The Question of Risk (Revised)

date:2007-01-06 15:16:34
category:Economics of Software

Yes, it’s an omission and, yes, it’s a mistake. I should have said something along the lines of “risk is an uninteresting complication” or “risk is just a euphemism for bad management.”

Why is risk uninteresting?

First, the seeds (Chad Fowler’s “The Big Rewrite ”, and CodeCraft, “To Rewrite or not to rewrite, that is the question ”) don’t mention risk.

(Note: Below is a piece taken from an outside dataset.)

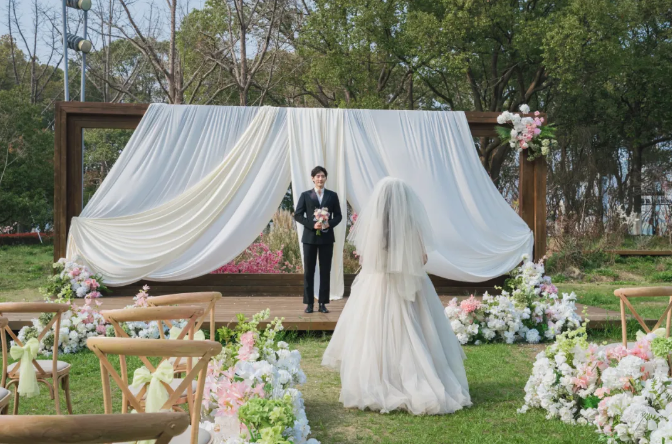 以潮流時尚婚禮為主題,桃花島還與環湖酒店夢幻聯動,從碼頭到湖心再到酒店,將對新人的祝?;魉堵搫拥奈缆贸?。同時,草坪婚禮場地結合桃林景致與湖光背景完成春日氛圍布置,可滿足新人對不同風格婚拍、婚禮的個性化需求。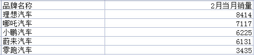 但同时近期不好的消息也有传出,2月销售数据上来看,蔚来已经由蔚小理变成了理哪小蔚的排序,蔚来首次跌出前三。整个2月份,蔚来交付了6131辆汽车,同比增长9.9%,而同期的$理想汽车(LI)$ 理想交付量高达8414辆,实现了265.8%的增长,哪吒首次跻身第二的位置,交付量7117辆,增幅为255%,小鹏也完成了对蔚来的超越,2月共计交付6225辆,增幅为180%。

Second, and more important, “risk,” as commonly used in IT planning, usually means “bad management”. Most people will discuss risk in a broad, unfocused, intangible, “$#!+ Happens” kind of way. They say vague things like “How much risk is associated with this project?” as if risk is a quantity. Rarely will they talk about a specific thing that might not turn out as planned.

I think any discussion of risk has to be separated into bad management and actual unplannable events. The unplannable events are real risks like heart disease, cancer, stroke or motor vehicle accidents. Almost everything else that can go wrong is little more than bad management.

There is no single, broad “risk” associated with a software development project. There are a number of specific risks, each one is unique, and each is a symptom of bad management. Software development risks cannot easily be aggregated, except in a theoretical expected value calculation. And even then, that’s dead wrong for software.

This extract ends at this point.